A lacuna de informações de fotos antigas causou um incômodo nos organizadores, que buscaram renomeá-las a partir de um processo de identificação – que contou com a colaboração da Associação Terra Indígena do Xingu (ATIX), que representa os 16 povos que vivem no território, e de lideranças dos povos Xavante, Bakairi e Kayapó, também retratados na exposição. Imagens que antes contavam com a legenda “Mãe e filho indígenas”, por exemplo, ganharam nomes reais.

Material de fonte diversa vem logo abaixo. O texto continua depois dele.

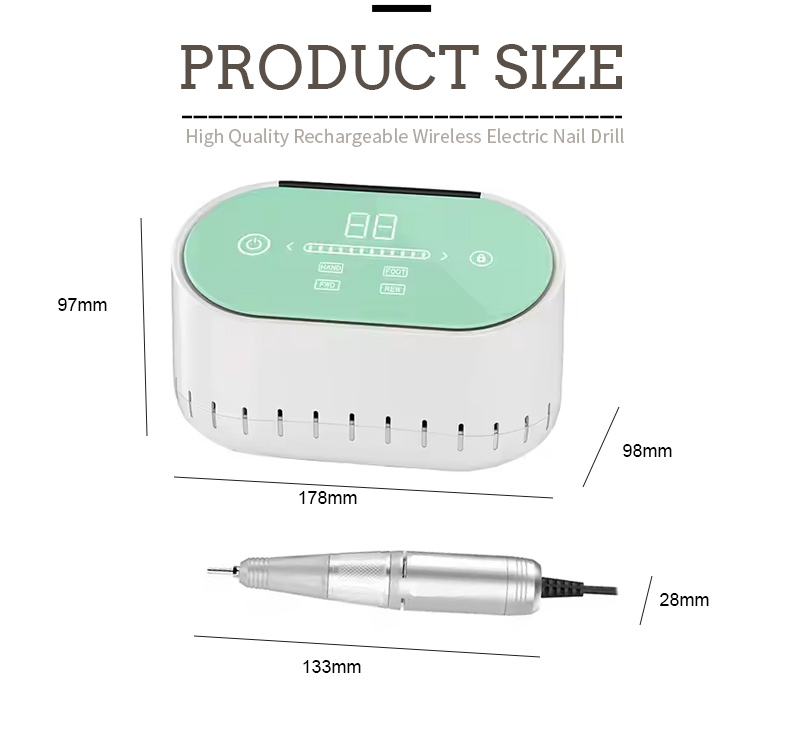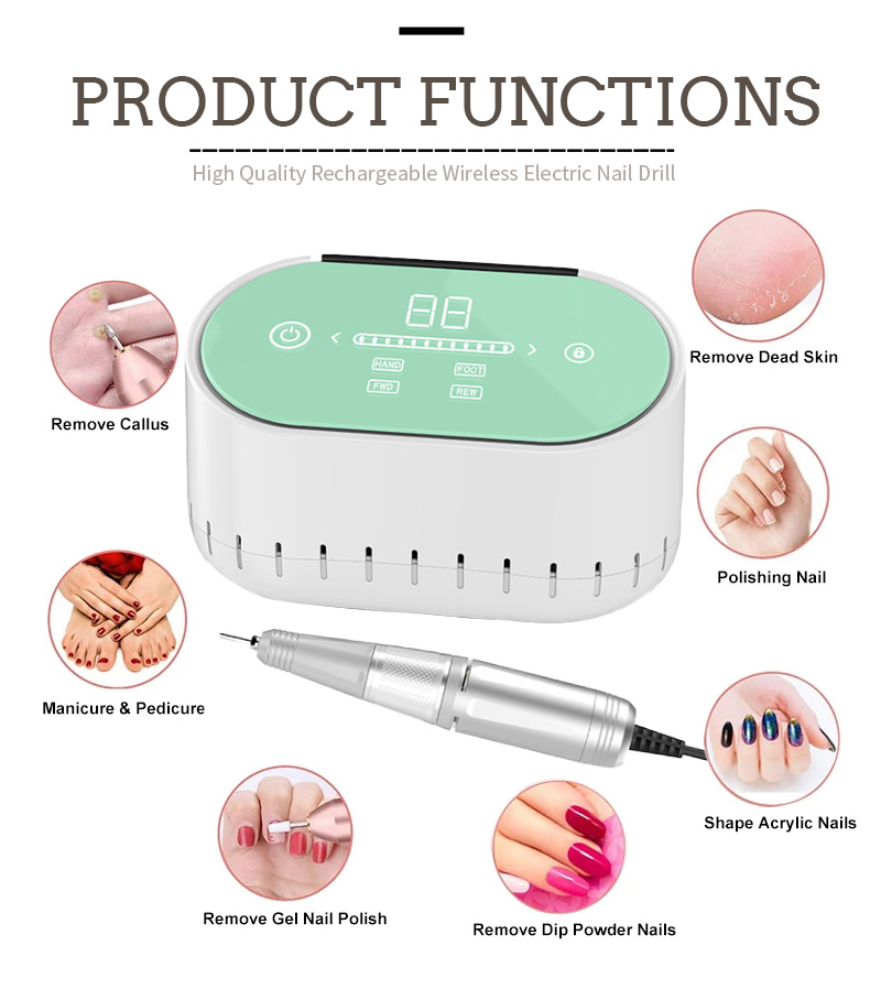 Акумулятарны набор свердзелаў для пазногцяў з магутным наканечнікам 45 Вт 35000 абаротаў у хвіліну

“Hoje, nós somos protagonistas da nossa história. Antes não conhecíamos o audiovisual, agora conhecemos. Somos donos da nossa imagem e levamos as lutas dos povos do Xingu para museus, festivais, cinemas, redes sociais e exposições”, aponta Takumã. “Queremos contar nossa história para que os não indígenas possam reconhecer e ensinar aos seus filhos o protagonismo dos povos indígenas do Xingu e de todo o Brasil.”

Xingu: Contatos

IMS Paulista
Avenida Paulista, 2424, São Paulo
Até 9 de abril de 2023
Entrada gratuita
Horário de funcionamento: Terça a domingo e feriados (exceto segundas), das 10h às 20h.